The nation is in the midst of broad policy changes as the government shifts to rely more on social organizations for the care of orphans and the elderly, and to address other social ills, Ahrens says. With the change has come heightened scrutiny of non-government organizations, especially those based abroad.
"At the highest levels of government, they are worried about the role foreign NGOs play in anti-government actions," Ahrens says. "There has been a quiet but nationwide effort to catalog foreign NGOs."
Securing Chinese partnerships, as the Bartlinskis have, is key, he says.
"You need an organization in China that's willing to stand up and say, 'I am willing to put my name, my job on the line' and say, 'I am willing to work with this organization,'" Ahrens says.
Lijing "Lily" Lu is one of those people.
She is medical director for one of the charities that is partnering with the Bartlinskis. She knew Teresa when her name was "Fang Fang," when the child lived in an orphanage in Beijing where Lijing used to work.
By the time Teresa came to the orphanage, it was too late for her to have surgery to fix her heart defect. The little girl had been abandoned in a village in the Shanxi province.
"We had her when she was already more than 6 months old, and no surgeon can help her in China," Lijing wrote in an email. "She had been fighting and fighting 'til she was adopted. I still remembered how tough she was.
"Whenever I think of this, there are tears in my eyes. She was trying so hard to live in the world and smiled so much."
In the Bartlinski dining room, their four surviving adopted daughters are at the table, working on their paper hearts. Each has suffered from medical problems that could have been treated in China, had the help been available.
Emilia (named for the mother of Pope John Paul II) was found amid rats in a well near Wuhan with burn marks on her face and stomach. The child has lived with her new family in Catonsville for about six years.
She moves over to the kitchen counter, closer to her mother, and stands on a stool so she can reach it. The standing in itself is remarkable for a child afflicted with a bone infection called osteomyelitis that nearly destroyed her legs.
Doctors at Sinai Hospital rebuilt them, giving her the ability to stand and to walk. The infection would have been treatable with an antibiotic.
Asked if she'd like to offer any memories of her sister Teresa, she shrugs and keeps her eyes on her project.

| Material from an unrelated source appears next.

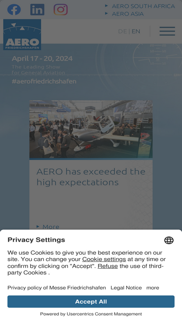 41%AERO Friedrichshafen is the global platform for all aspects of General Aviation – discover the variety of our industry in 12 exhibition halls and our static display ranging from Gliders, Ultralights, piston aircraft and helicopters up to Business Aviation.

Bartlinski says the children are still grieving. The girls see a therapist regularly, and at dinner they talk about Teresa, retelling the stories they all love, like the times she held her spoon up to her face and used it as a mirror to freshen her lipstick.
Someone always sits in the seat with the blue name tag Teresa brought home from school so many months ago.
"It's been a hard year," the mother says. "But we know Teresa is still with us."